Twice named European Footballer of the Year, Beckenbauer appeared 103 times for West Germany and played in three FIFA World Cups. He is one of three men, along with Brazil's Mário Zagallo and France's Didier Deschamps to have won the World Cup as a player and as a manager; he lifted the World Cup trophy as captain in 1974, and repeated the feat as a manager in 1990.[4] He was the first captain to lift the World Cup and European Championship at international level and the European Cup at club level. He was named in the World Team of the 20th Century in 1998, the FIFA World Cup Dream Team in 2002, and in 2004 was listed in the FIFA 100 of the world's greatest living players.[5][6]
At club level with Bayern Munich, Beckenbauer won the UEFA Cup Winners' Cup in 1967 and three consecutive European Cups from 1974 to 1976. The latter feat made him the first player to win three European Cups as captain of his club. He became team manager and later president of Bayern Munich. After two spells with the New York Cosmos he was inducted into the U.S. National Soccer Hall of Fame.
Today, Beckenbauer remains an influential figure in both German and international football. He led Germany's successful bid to host the 2006 FIFA World Cup and chaired the organizing committee. He currently works as a pundit for Sky Germany and is a columnist for the tabloid Bild.
In August 2016, it was announced Beckenbauer was being investigated for fraud and money laundering as part of the 2006 World Cup.
Beckenbauer made his debut with Bayern in the Regionalliga Süd ("Regional League South", then the second level in Germany) on the left wing against Stuttgarter Kickers on 6 June 1964. In his first season in the regional league, 1964–65, the team won promotion to the recently formed Bundesliga, the national league.
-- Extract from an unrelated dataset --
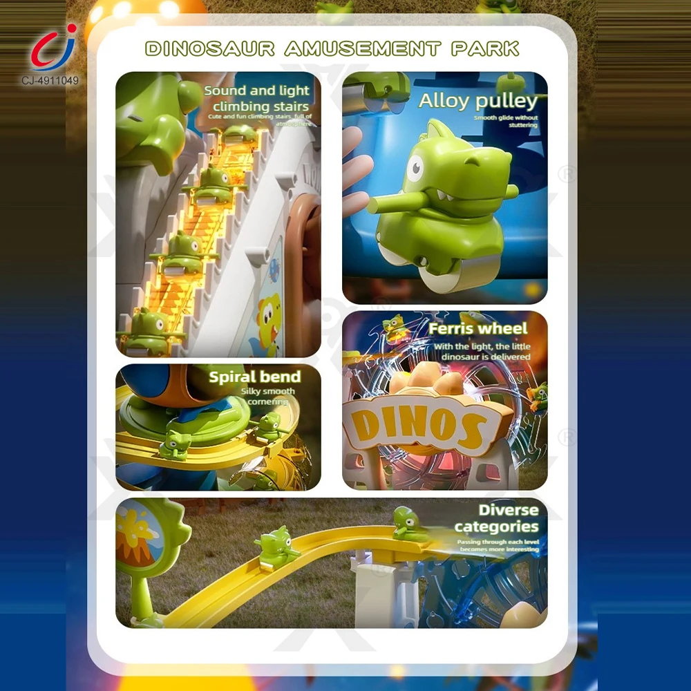 Chengji Toy Room Stairs Slide Diy Cartoon Dinosaur Stair Climbing Track Dinosaur Assembly Puzzle Fun Electric Slide Track Toy

Bayern soon became a force in the new German league, winning the German Cup in 1966–67 and achieving European success in the Cup Winners' Cup in 1967. Beckenbauer became team captain for the 1968–69 season and led his club to their first league title. He began experimenting with the sweeper (libero) role around this time, refining the role into a new form and becoming perhaps the greatest exponent of the attacking sweeper game.[1]
During Beckenbauer's tenure at Bayern Munich, the club won three league championships in a row from 1972 to 1974 and also a hat-trick of European Cup wins (1974–76) which earned the club the honour of keeping the trophy permanently.
Since 1968 Beckenbauer, has been called Der Kaiser by fans and the media.[1] The following anecdote is told (even by Beckenbauer himself) to explain the origin: On the occasion of a friendly game of Bayern Munich in Vienna, Austria, Beckenbauer posed for a photo session right beside a bust of the former Austrian emperor Franz Joseph I. The media called him Fußball-Kaiser (football-emperor) afterwards, soon after he was just called Der Kaiser. However, according to a report in the German newspaper Welt am Sonntag, this explanation is untrue, though very popular. According to the report, Beckenbauer fouled his opposite number, Reinhard Libuda from Schalke 04, in the cup final on 14 June 1969. Disregarding the fans' hooting, Beckenbauer took the ball into the opposite part of the field, where he balanced the ball in front of the upset fans for half a minute. Libuda was commonly called König von Westfalen (king of Westphalia), so the press looked for an even more exalted moniker and invented Der Kaiser.[11]
In 1977, Beckenbauer accepted a lucrative contract to play in the North American Soccer League with the New York Cosmos. He played with the Cosmos for four seasons up to 1980, and the team won the Soccer Bowl on three occasions (1977, 1978, 1980).[1]
Beckenbauer retired after a two-year spell with Hamburger SV in Germany (1980–82) with the win of the Bundesliga title that year and one final season with the New York Cosmos in 1983. In his career in domestic leagues, he made 587 appearances and scored 81 goals.